National Lampoon 1964 High School Yearbook Parody is an American humor book that was first published in 1973. It was a  spin-off from National Lampoon magazine. The book was a parody of a high school yearbook from the early 1960s. It was edited by P. J. O'Rourke and Doug Kenney and art-directed by David Kaestle. Much of the writing was by P. J. O'Rourke and Doug Kenney. The "literary magazine" was written by Sean Kelly; the sports page was by Christopher Cerf; and the Principal's Letter and the "In Memorium" piece were both written by Ed Subitzky.

The book, as it was originally published, appeared to be a genuine 1964 yearbook from "C. Estes Kefauver High School": the Kefauver Kaleidoscope. Senator Kefauver himself had only died the year before, in 1963.  The school is located in "Dacron, Ohio" (a reference to the city Akron, Ohio,  and to inexpensive synthetic fabric Dacron.)

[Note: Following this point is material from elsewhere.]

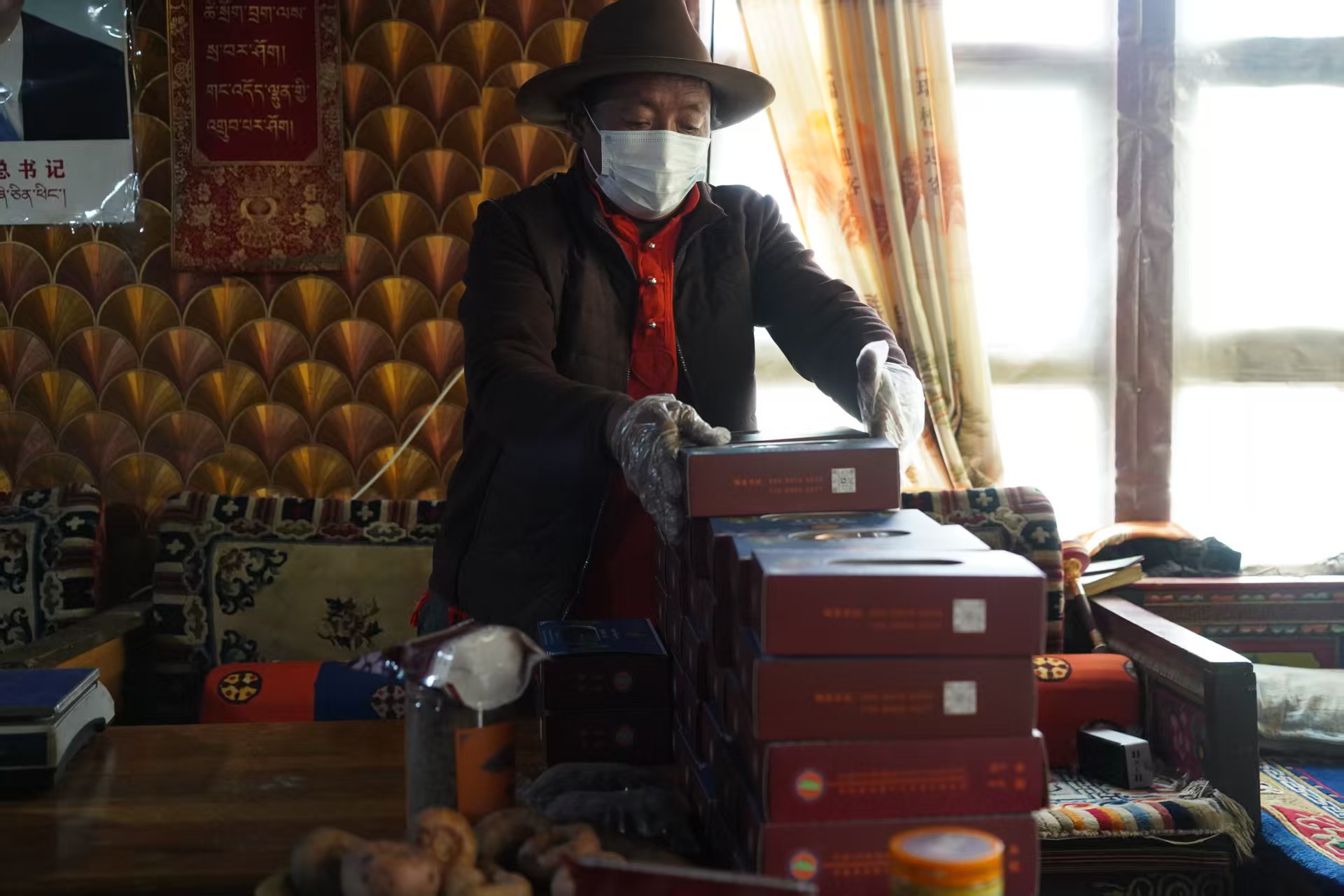 嘎松扎西摩挲着手中那片金黄,脸上是藏不住的笑意,“如今,这‘土疙瘩’成了宝贝,一盒能卖到49元!我们家一年靠芫根就能收入15万多元!”
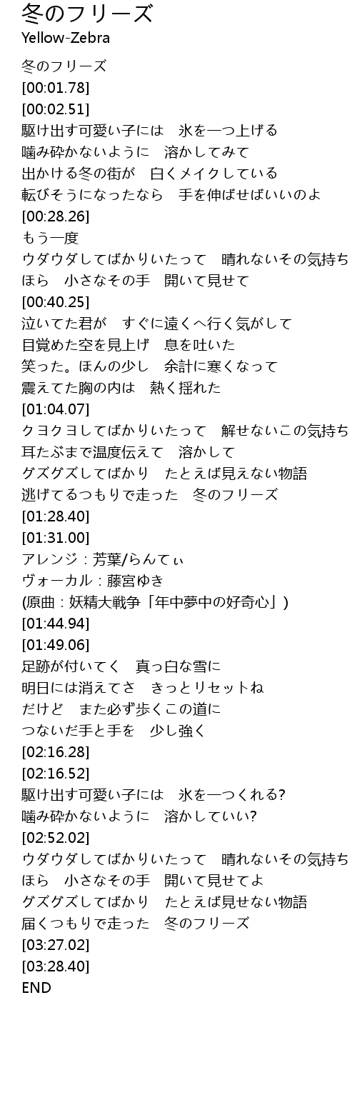| [03:10.39] | 届くつもりで走った 冬のフリーズ |

The parody is closely based on the Toledo, Ohio's DeVilbiss High School  yearbook, called the Pot O' Gold. O'Rourke attended DHS for a couple of years and graduated from there in 1965. According to P. J. "We chose 1964 (Doug's graduation class) partly because we published the Parody in 1974 but mostly because that was the last year before the culture and the country came to pieces with sex, drugs, rock and roll, the Vietnam War, the assassination of MLK, etc., etc.… Doug and I… used DeVilbiss because Ohio and Toledo and DHS just seemed so perfectly 1964 American prelapsarian typical… Also, since Doug had gone to an all-boys Catholic prep school (and a pretty fancy one too), his yearbook was no good as a model.” 
 
As portrayed in the Lampoon yearbook, the fictional Kefauver H. S. shares scores of characteristics with DeVilbiss, including the street address and the school colors. Those colors, the rainbow, influenced the names of both the real DeVilbiss yearbook and the fictional Kefauver one. The name of the Kefauver school newspaper, the Prism and its motto are the same as those of DeVilbiss.  The swim team photo caption contains the names of a number of O'Rourke's friends from DeVilbiss. There are also numerous references in the Lampoon to west Toledo landmarks and locations. Like many great parodies, the Lampoon yearbook very closely mimics the style and content of actual yearbooks, only deviating in subtle ways.

The publication also included a copy of the school newspaper, a basketball program, a report card, a diploma, detention slips and a fake ID. According to apparent inscriptions, the book belonged to "Larry Kroger", class of '64. The character Larry Kroger went on to become the college freshman protagonist (played by Tom Hulce) of the comedy movie National Lampoon's Animal House, released in 1978. The character "Mandy Pepperidge" also makes her first appearance in the Yearbook and reappears in the film (played by Mary Louise Weller). 
 
Five years after the Yearbook parody, in 1978, the National Lampoon published the National Lampoon Sunday Newspaper Parody, a fake Sunday newspaper which also claimed to originate in "Dacron, Ohio" but was contemporary, being dated Sunday, February 12, 1978.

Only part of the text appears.